Mexico’s growth could be much stronger—it should be growing at 5 percent but it’s not.
You see weakness in oil exploration – but you don’t see weakness in consumer demand. Car sales in Mexico are growing. As of August of this year domestic car sales are up 16 percent. That’s impressive. This is completely different from Brazil where consumption is collapsing.
One of the main challenges is to be able to educate better, especially at the lower level. At the higher level, Mexico produces a fair number of engineers. Mexico produces more engineers than Germany. At the higher level things look better. The problem is at the lower level. You need to start with initial education. Most cognitive capacity and intelligence are shaped by the first few years of life. [In Mexico] your competition is Vietnam. Vietnam spends a huge amount of money on education. It doesn’t make a difference if you have the best universities. You need to fix primary education.
Mexico has been hit by a bad joke. You open the energy sector and oil prices collapse. If we had higher oil prices we’d see more interest to invest more. Just imagine if oil prices were at $100 right now. But at fifty the business doesn’t look that enticing right now.
But still, in many ways Mexico is the envy of Latin America. In the case of Mexico, the China slowdown doesn’t affect it much. China is not a strong buyer of Mexican output. Chile, Brazil, Argentina, Colombia, Venezuela, those are countries being affected by the China slowdown. From the standpoint of Mexico—it would be disingenuous to say Mexico is like Argentina or Colombia. It’s a totally different story. Mexico is a very competitive country. What is one of the most resilient economies in the emerging world right now? My bet right now is Mexico.
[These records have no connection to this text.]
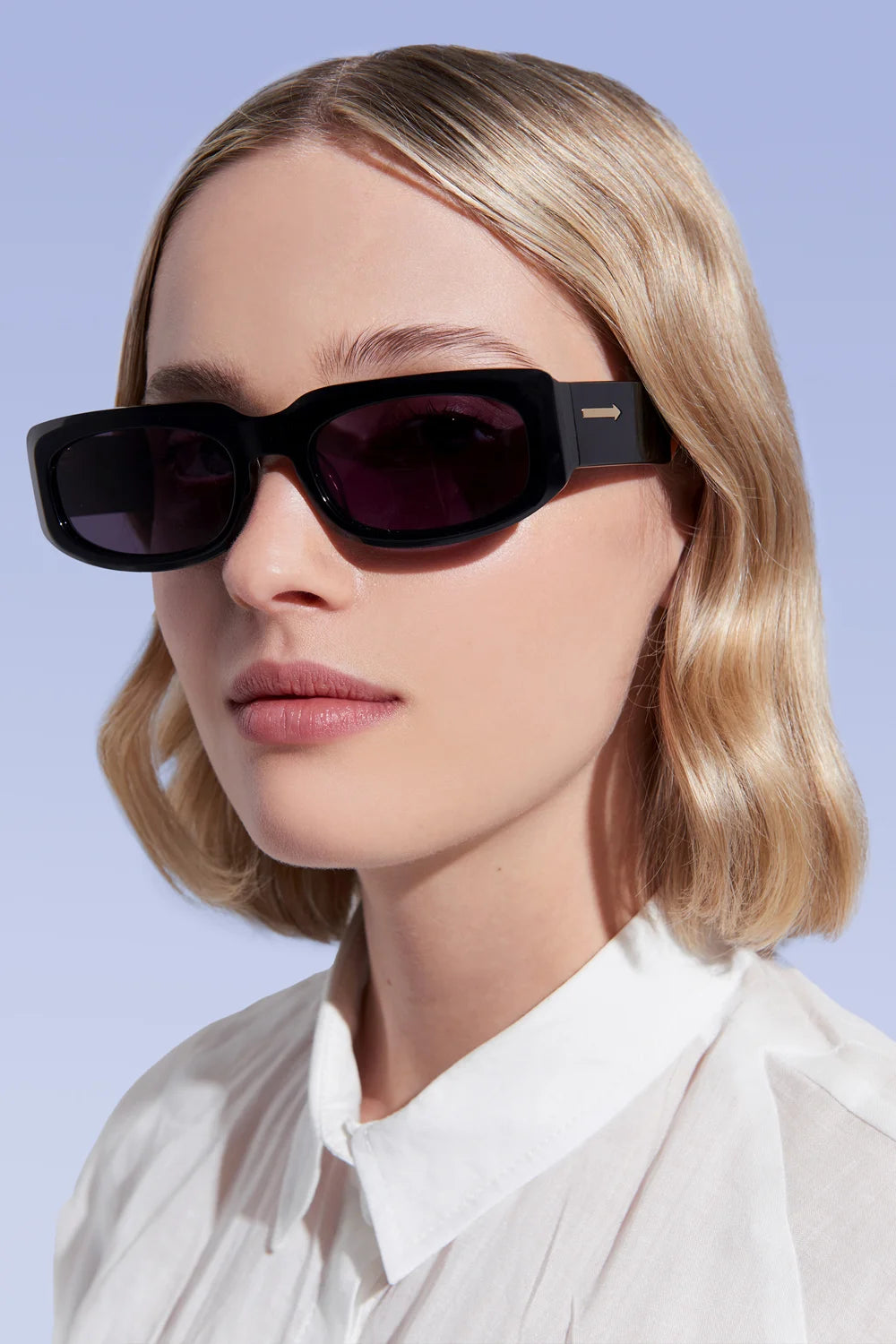 Embrace sleek sophistication with the Zahra sunglasses in black bio-acetate. The clean lines for its rectangular silhouette and tonal smoke mono lenses deliver a polished, modern look.
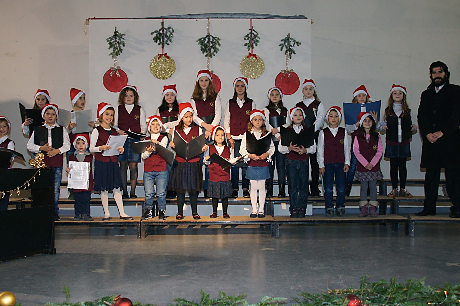 Αρχικά εμφανίστηκε το Παιδικό Τμήμα της Χορωδίας μας, υπό την διεύθυνση του μαέστρου Γιώργου Μπελογιάννη και με την συνοδεία βιολιού από την Μαρίκα Φωτοπούλου. Οι μικροί μας φίλοι τραγούδησαν κάλαντα κι άλλα Χριστουγεννιάτικα τραγούδια, ενώ με τα κόκκινα Αγιοβασιλιάτικα σκουφάκια τους ενθουσίασαν το κοινό με τις γλυκές φωνούλες τους.
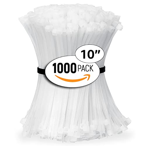 ALBO Zip Ties White 10 Inch 1000 Pack 50 lb, Long Plastic Cable Ties Thick 0.19 Inch Tie Wraps Heavy Duty UV Resistant Nylon Wire Ties for Indoor and Outdoor
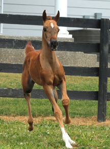 2011 Half-Arabian chestnut gelding out of a National Champion English BSF Electra. A free mover with solid action and a naturally high neckset, this handsome gelding shows considerable promise.
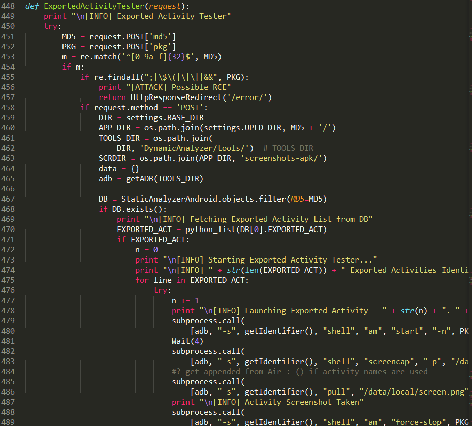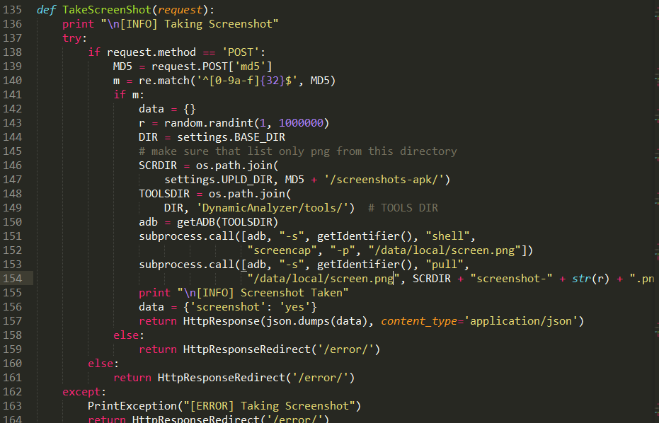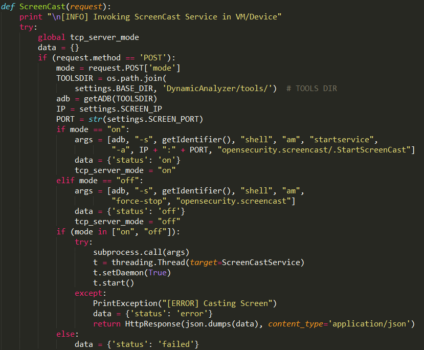 MobSF中提供实时操作功能,其实现主要利用屏幕录制软件screencast提供的服务,其实现代码如下:
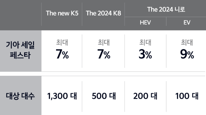 기아는 정규리그 및 한국시리즈 통합 우승을 응원해 준 야구 팬과 고객 성원에 보답하기 위해 ‘기아 세일페스타’를 열고, 총 8개 차종을 대상으로 특별 할인 혜택을 제공하는 특별한 기회입니다. 생산 월 조건에 따라 최대 12% 할인하는, 총 5000대 한정으로 선착순 혜택이 제공되며 차종별 한정 수량이 소진될 시 조기 마감된다고 합니다. 차량구매를 준비하고 계신 분들께는 이번 기아세일페스타의 기아자동차 특별할인 혜택으로 기아차의 주요차량을 가장 합리적으로 만나 볼 수 있는 기회 입니다. 좋은 혜택 놓치지 마시기 바랍니다.
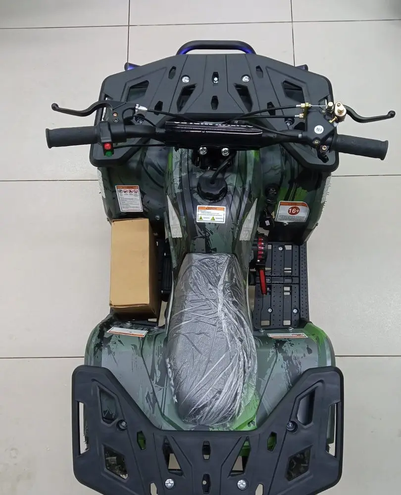 Квадроцикл оборудован достаточно мощным двигателем, который обеспечивает плавное и стабильное движение, достигая скорости до 40 км/ч. Это идеальная скорость для детей, чтобы они могли чувствовать себя уверенно и безопасно за рулём. Также квадроцикл имеет электрический старт, что значительно облегчает использование детьми.
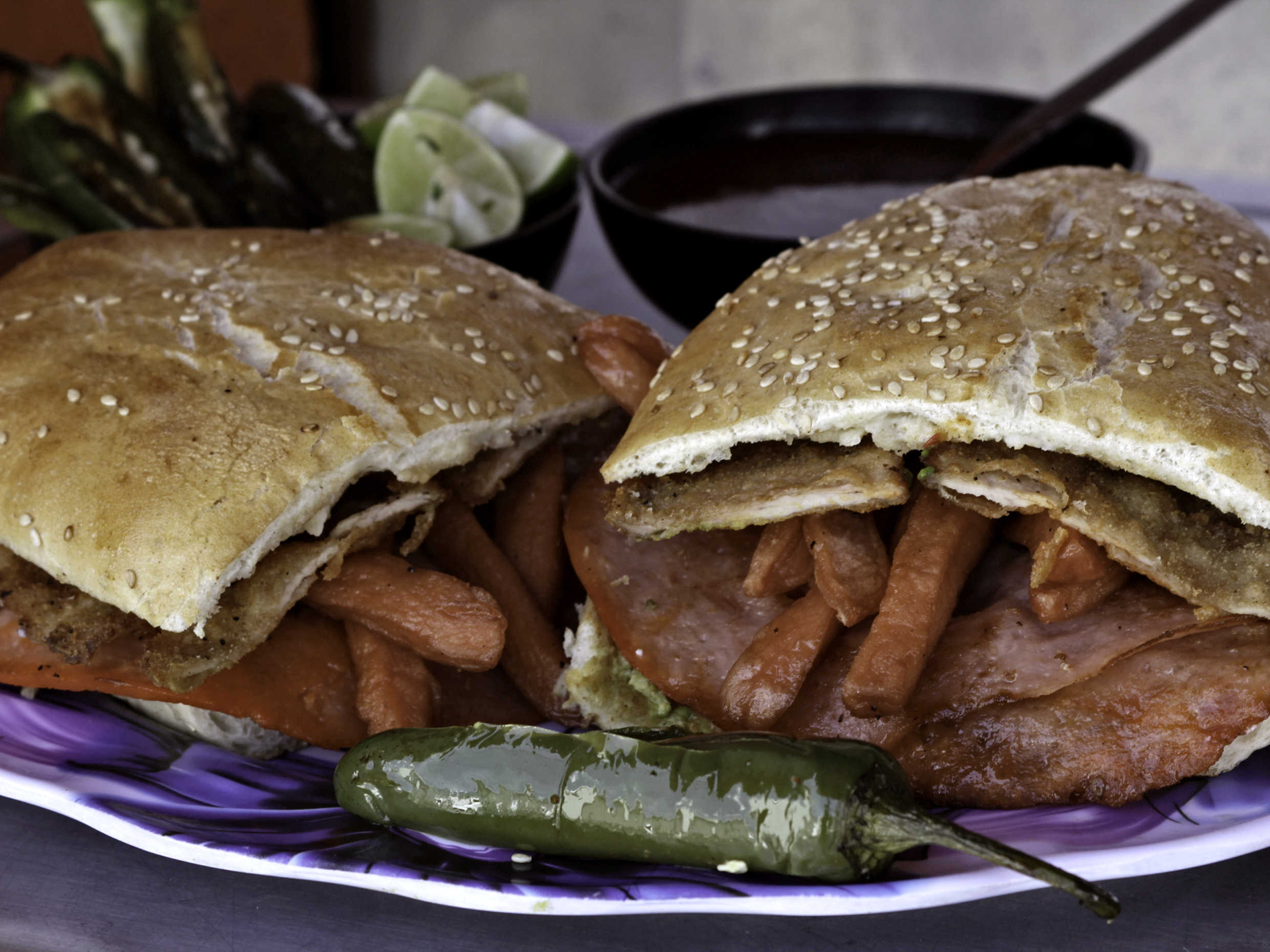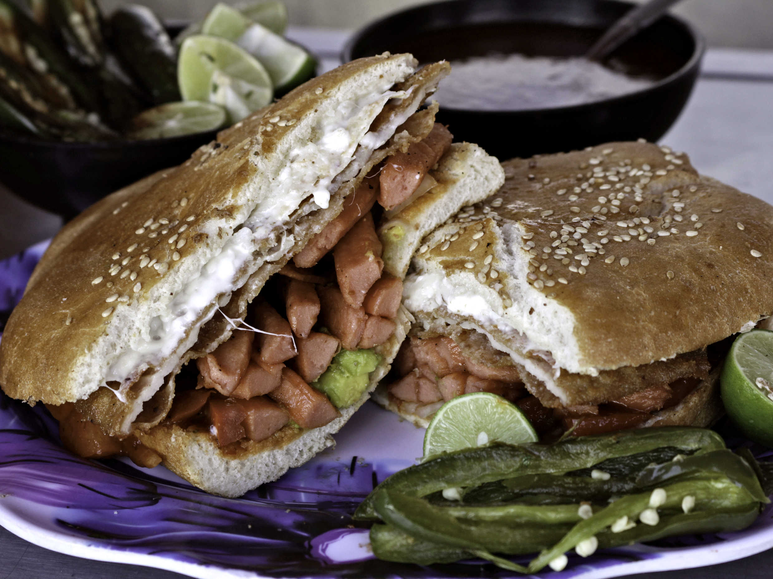 Torta de bolillo grande (30 cm de largo por 13 cm de ancho), rellena de aguacate, jitomate, cebolla, salsa chipotle, crema mantequilla para calentar, viene con milanesa, jamón, chorizo, salchicha y queso oaxaca, acompañados de chiles toreados y limones.
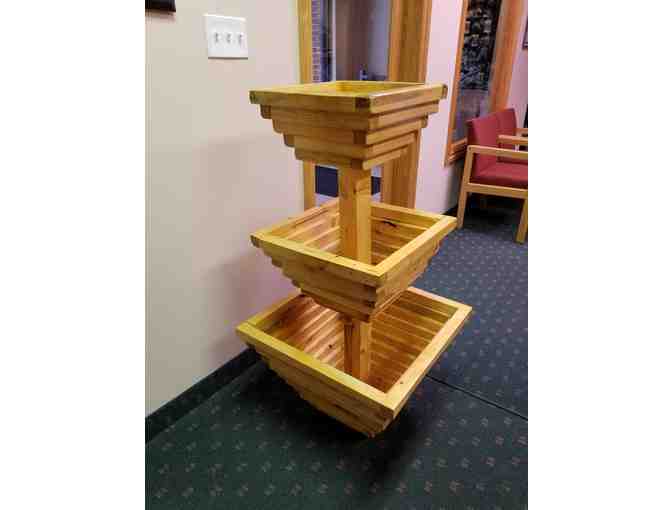 Beautiful 3-tier planter for garden use. Made out of pine.

Non-petroleum exports are at $372 billion. Mexico has done something right. It’s the envy of Latin America. I’m not saying we should be cheerleaders but it’s a mistake in my view to say that Mexico is doomed.
Ricardo Aceves, Latin America analyst and economist at FocusEconomics:
In general terms the Mexican economy is growing at below its potential. Below 3% is below its potential. It’s been this way since the start of the Peña Nieto administration. The economy has been underperforming. Growth isn’t taking off. Little by little it’s slowing because of external shocks such as the fall in commodity prices. Falling oil prices affect the government’s budget and [force] a reduction in spending. That’s the weak point.
Mexico is not immune from suffering from the effects of global economic turbulence. But, nevertheless it’s better prepared than other countries. Monetary and fiscal policy have been prudent.
But, within Latin America, Mexico is positioned relatively well. In spite of the fact that expectations have been falling, Mexico will grow at 2.5% this year. By contrast Brazil has entered into a deep recession.
Carlos Petersen, a Mexico analyst at the political risk consultancy Eurasia Group:
Under the current external shocks that emerging market economies are experiencing a tough situation and Mexico has been doing pretty well. Mexico is one of the only countries sustaining its growth. Brazil, Chile, and Colombia are slowing down and Mexico has been going against the tide. That’s a positive story. The automobile sector is doing very well. The retail sector is doing very well. Remittances from the U.S. are growing because of the exchange rate. Moving ahead the potential risks are there. If the U.S. economy continues to grow [slowly] and exports don’t pick up that will affect Mexico.
The construction sector keeps disappointing. Construction remains sluggish. Oil production and mining are also suffering.
From the policy perspective, the budget cuts are a sign of fiscal responsibility when revenues are declining. It’s prudent fiscal policy. In the long term Mexico will remain stable but in the short term growth will remain sluggish.